Photo - Pinot Noir fruit on the vine at Palliser Estate. 

Our most important local grape of course is Pinot Noir – an early ripening variety compared to Cabernet or Riesling.  Weather conditions in Wellington have been incredible this year, but has it been the same ‘over the hill’?  Strictly by temperature it has been slightly above average with February being a standout month with long warm sunny spells, but more specifically it has been dry.  A slightly earlier harvest than usual was forecast, with some 20-30ml of rain falling a couple of days before most picking began.

Photo - February Temperatures for Martinborough

Photo - Dry hills surround the fruit yet to pick at The Elder


Dry conditions cause most kinds of farmers trouble, but not so for the grape growers.  Lower rainfall usually means healthy grapes with little pressure on rot or mildew – both of which Pinot Noir is particularly susceptible to.  Too much rain leads to burst skins, or enlarged fruit and watery wines.  The parched conditions also leads to lower yields, and fuller skins on the berries – great news for us winelovers as this translates to wines of concentrated flavours and finesse. 

Photo - Sorting the days Pinot at TK

Mike Hanson from ‘The Elder’ Pinot is very happy with the season.

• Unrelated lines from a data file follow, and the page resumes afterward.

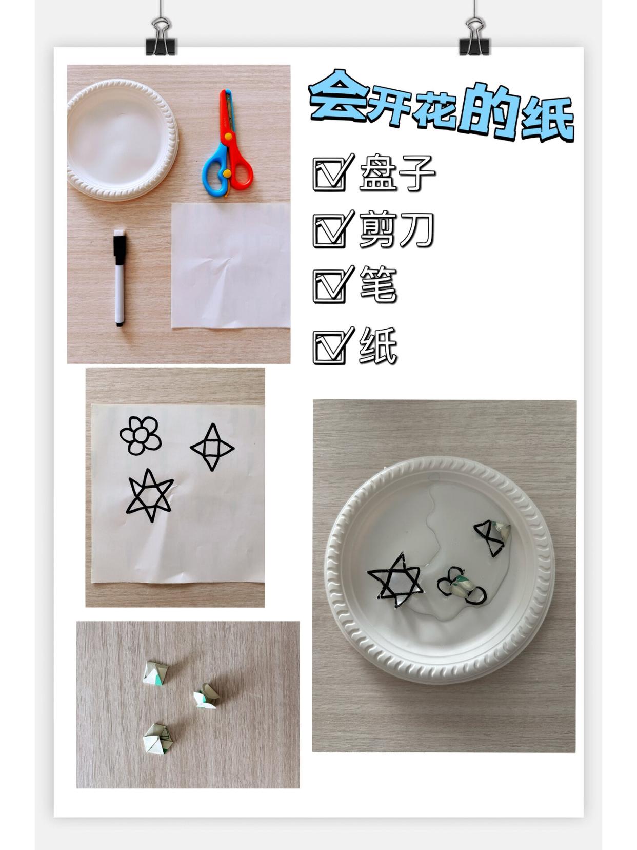 材料:纸、笔、剪刀、盘子、水
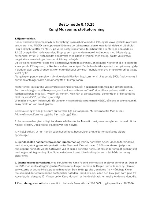 I dag deltog Kristoffer fra MSØD på vores bestyrelsesmøde, fordi han ville orientere os om, at de pr. 1.1.26 overgår til en ny leverandør, Shopify, som gavner dem mere i forbindelse med billetsalg og nethandel i øvrigt. Vi fik tilbuddet om at være med i denne flytning, men afslog, da det ville kræve meget store investeringer i økonomi, i tid og i arbejde.
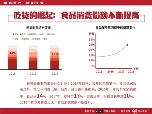 據(jù)科信食品與營(yíng)養(yǎng)信息交流中心副主任鐘凱介紹,2015年至2018年天貓年貨節(jié)大數(shù)據(jù)顯示,公眾在線采購(gòu)的食品類消費(fèi)額占比不斷提升,且食物種類也日趨多樣化。
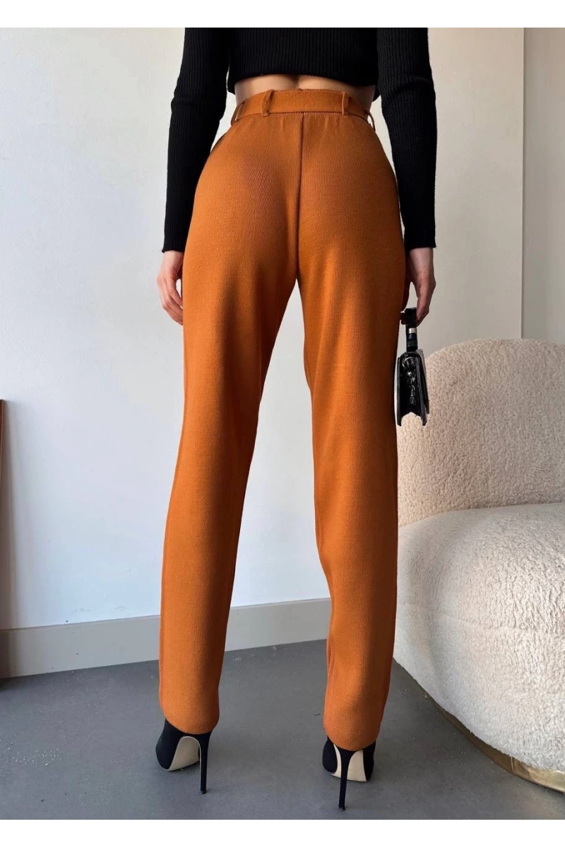 Ofis şıklığında ya da günlük kombinlerde tercih edebileceğiniz Kendinden Kemerli Triko Pantolon Camel, şıklığı ve konforu bir arada arayan kadınların favorisi olacak!
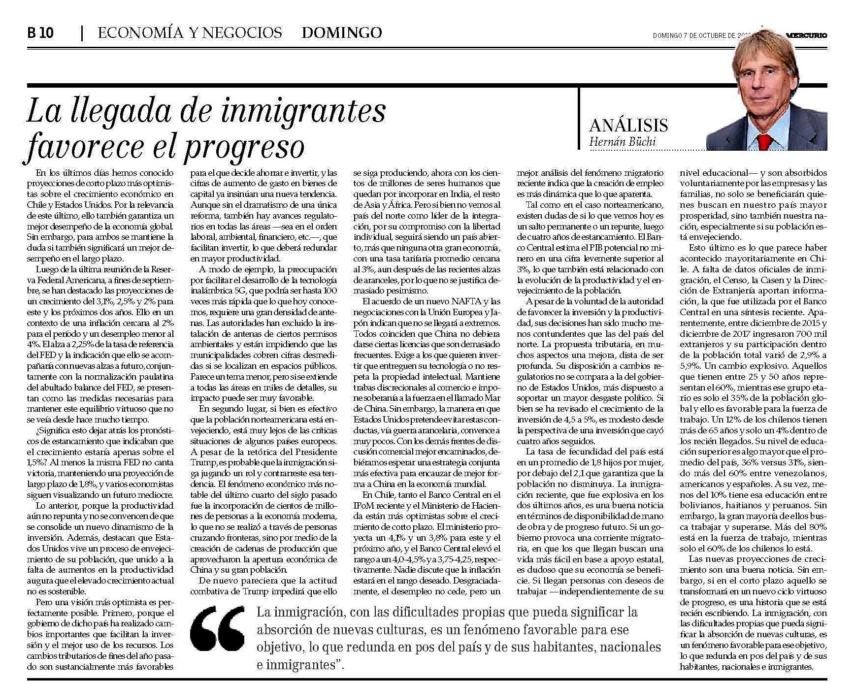 La llegada de inmigrantes favorece el progreso
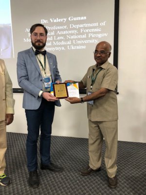 Асистент кафедри Перебетюк А.М. знайомить індійських колег зі структурою судово-медичної експертної служби в Україні. Нагородження асистента кафедри Гунаса В.І. після доповіді (Хайдерабад, Індія).
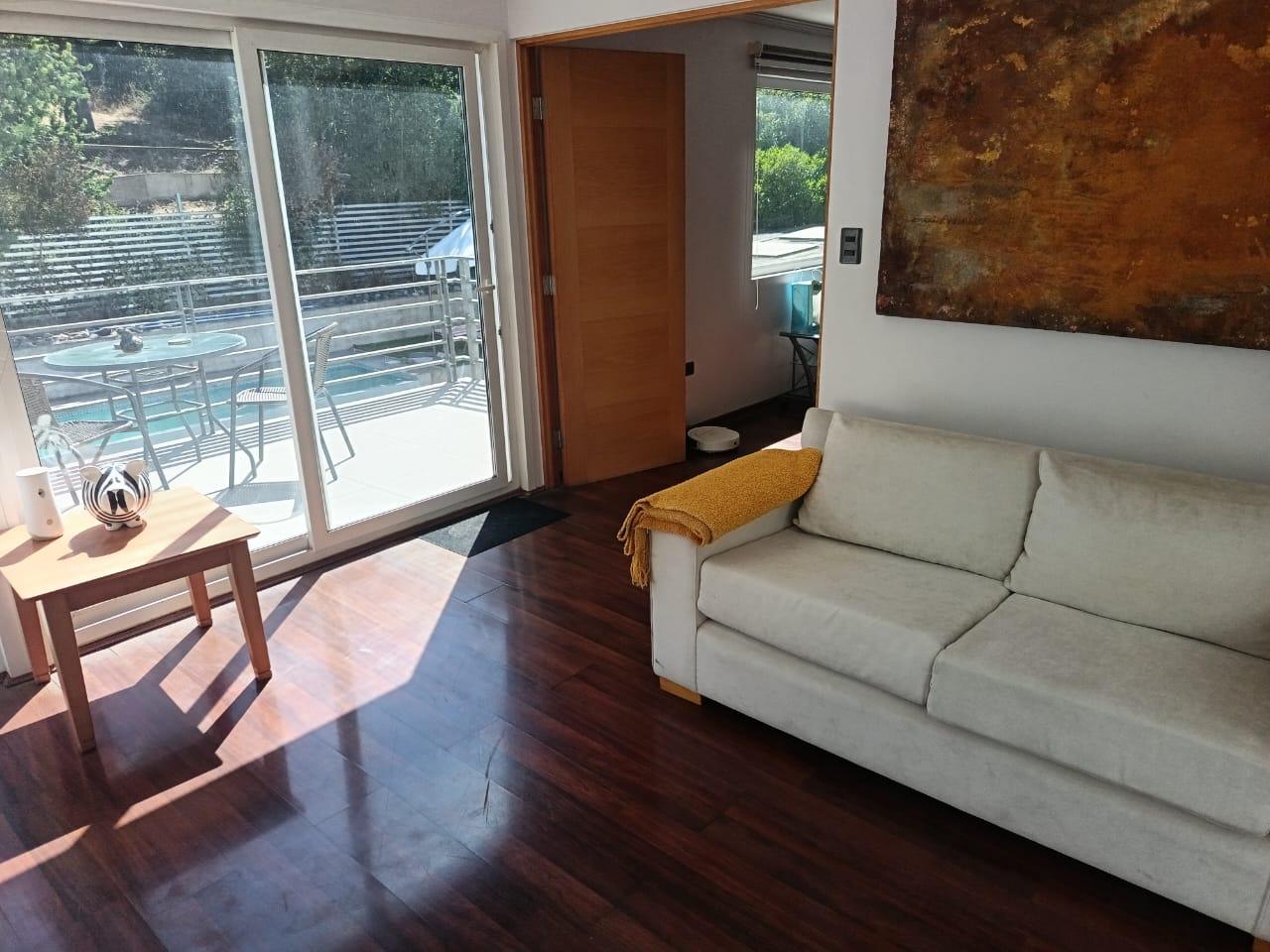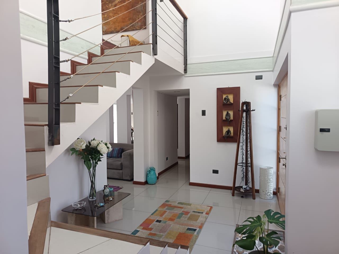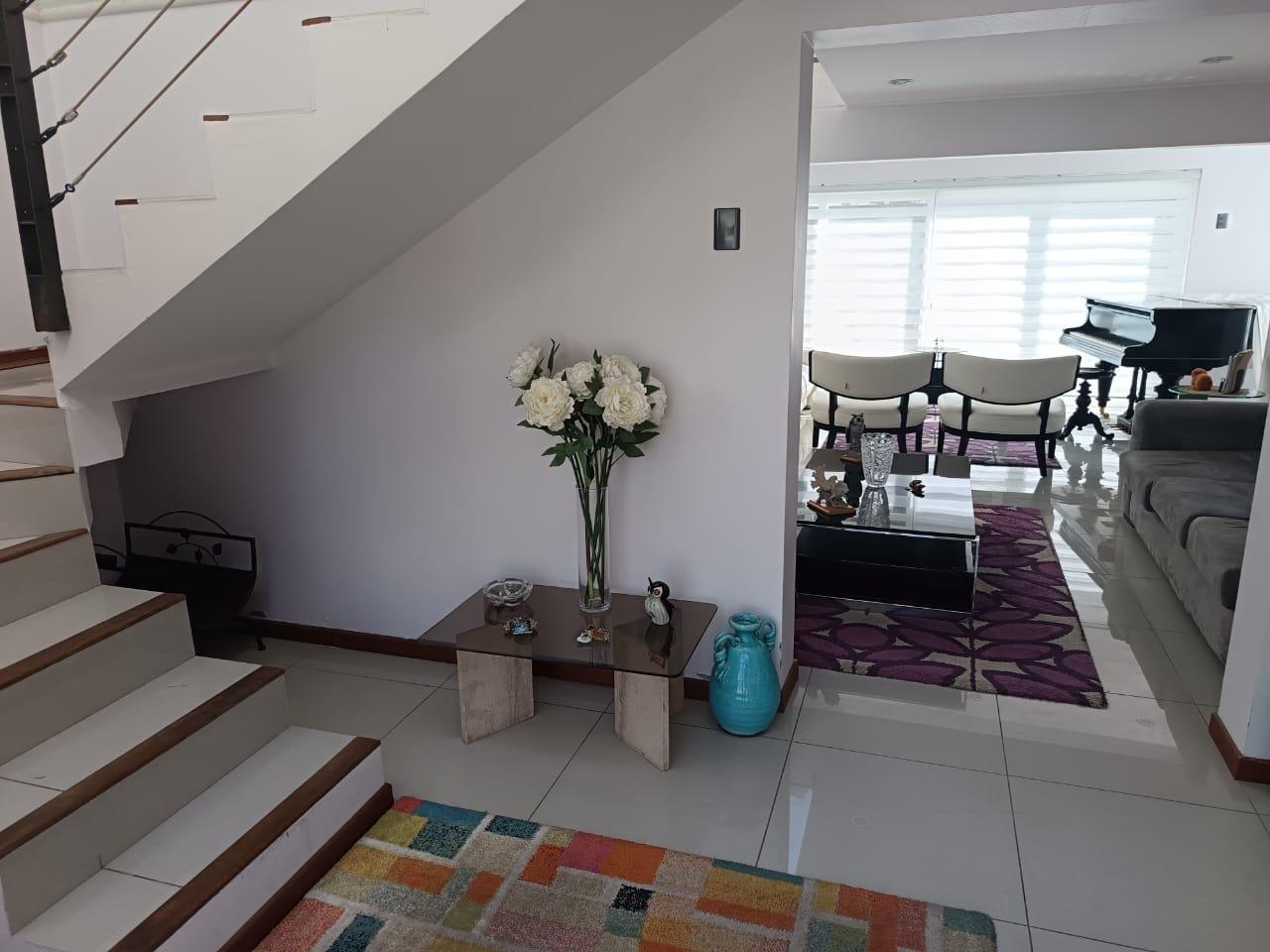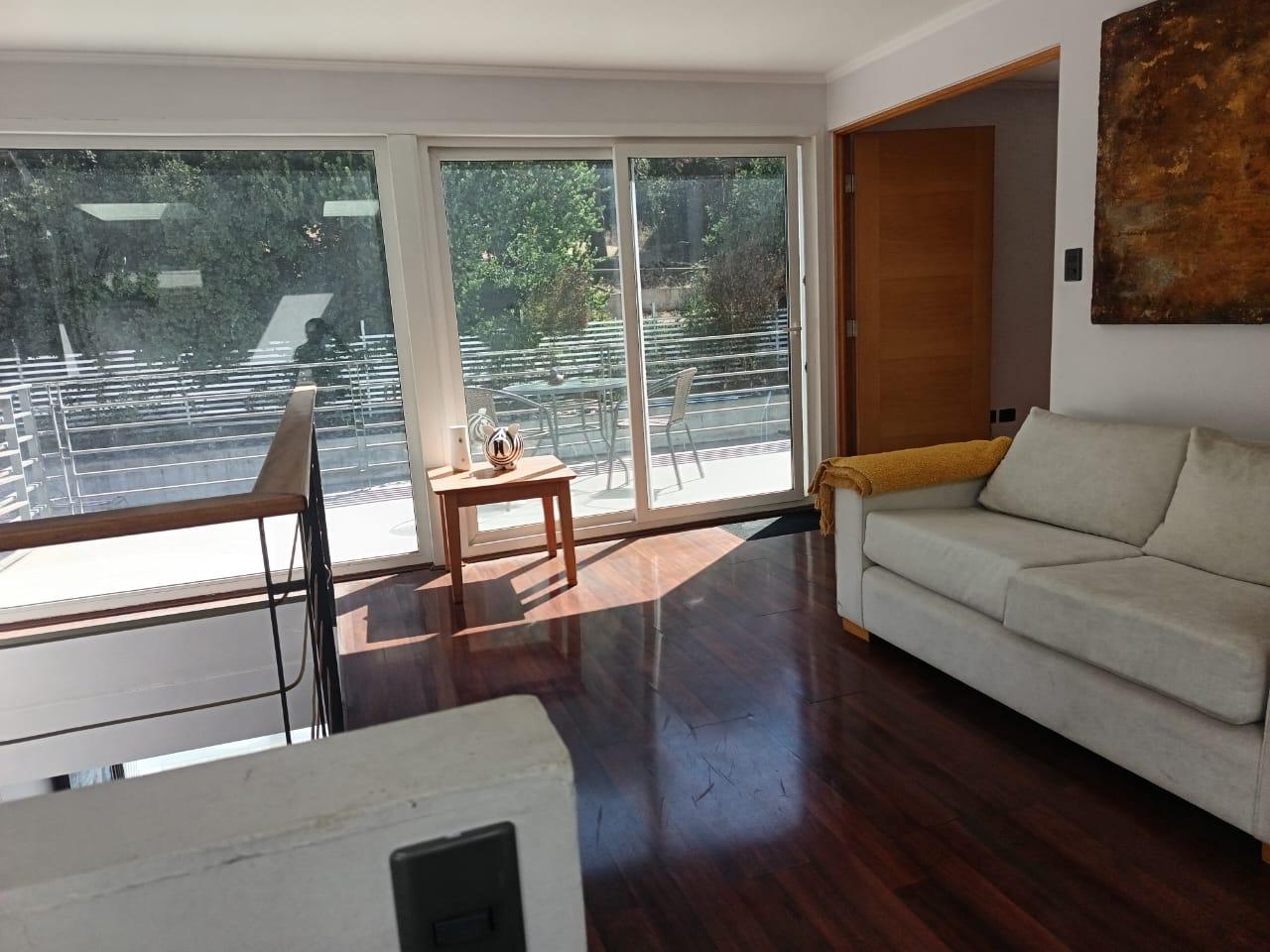 La casa destaca por su gran piscina de 10 m por 2,5 m, un quincho de 50 m², sauna y jacuzzi, perfectos para disfrutar de momentos de relajación y entretenimiento. Dispone de dos salas de estar, un living y comedor separados, así como una amplia cocina con isla y comedor de diario. Las ventanas termo panel garantizan un excelente aislamiento térmico, mientras que la calefacción por losa radiante en el primer piso, complementada con chimenea y bosca, asegura un ambiente cálido y acogedor en todo momento. Los acabados de alta calidad incluyen pisos de porcelanato, riego automático en el jardín y antejardín, y amplios espacios que brindan comodidad y funcionalidad a cada rincón del hogar.
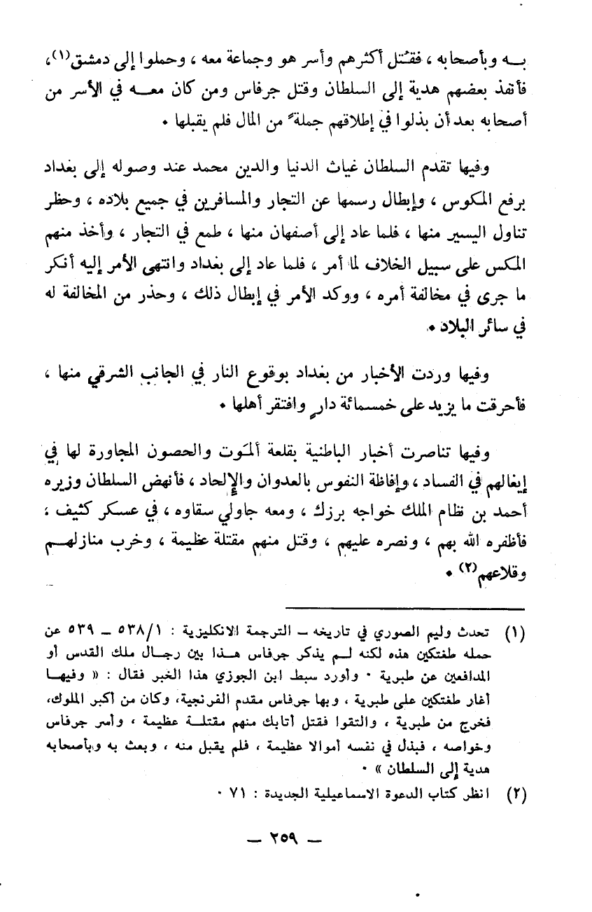 به وبأصحابه فقتل أكثرهم وأسر هو وجماعة معه وحملوا إلى دمشق فأنفذ بعضهم هدية إلى السلطان وقتل جرفاس ومن كان معه في الأسر من أصحابه بعد أن بذلوا في إطلاقهم جملةً من المال فلم يقبلها. وفيها تقدم السلطان غياث الدنيا والدين محمد عند وصوله إلى بغداد برفع المكوس وإبطال رسمها عن التجار والمسافرين في جميع بلاده وحظر تناول اليسير منها فلما عاد إلى أصفهان منها طمع في التجار وأخذ منهم المكس على سبيل الخلاف لما أمر فلما عاد إلى بغداد وانتهى الأمر إليه أنكر ما جرى في مخالفة أمره ووكد الأمر في إبطال ذلك وحذر من المخالفة له في سائر البلاد
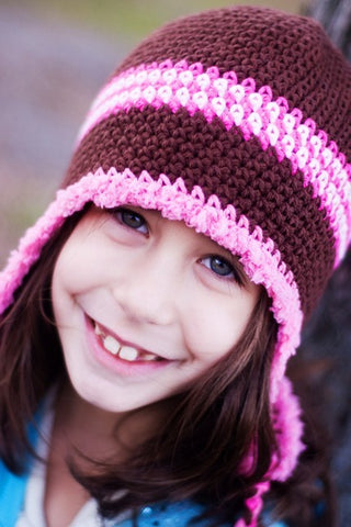 Child 5- Tween COTTON FURRY EARFLAP HAT- Brown with Pink Stripes- and furry trim
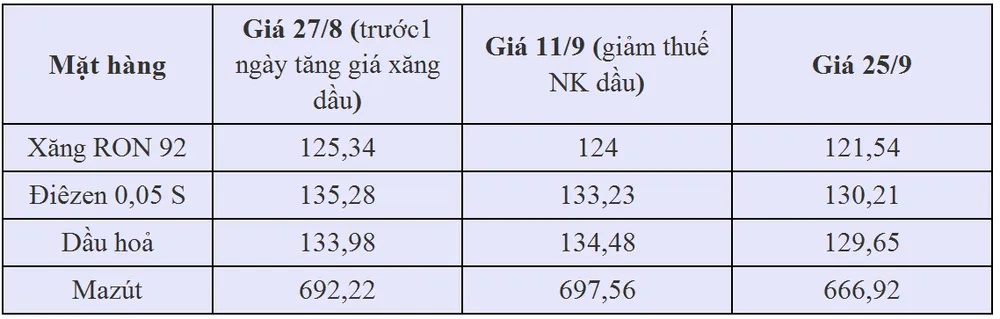 So với thời điểm ngày 11-9, khi các doanh nghiệp đòi tăng giá trên dưới 1.000 đồng/lít nhưng Bộ Tài chính quyết định không tăng giá mà giảm thuế nhập khẩu dầu và tăng mức trích quỹ bình ổn, đến nay giá các sản phẩm xăng dầu đều thấp hơn.

Perched above the Te Muna sub-region they have a cooler and drier microclimate compared to the terraces, this means picking a bit later as the fruit ripens.  Barring a late deluge it looks like an excellent vintage, and the Pinot Gris will wait longer until it reaches its peak.  From here the flame passes to head winemaker Paul Mason at Martinborough Vineyards.

Different Pinot Clones at The Elder

Allan Johnson is cautiously optimistic- a veteran of 25 vintages at Palliser Estate, until all the wines are all safely tucked away in barrel to mature the game isn’t done yet by a long stretch.  But from here its looking like another excellent vintage underway in our back yard.  Keep an eye out for the Reserve Pinot's from 2016 - though it will be a waiting game from here, with time in oak and further time in bottle to mature it will be a few years yet before we get our hands (and tongues) on those gems.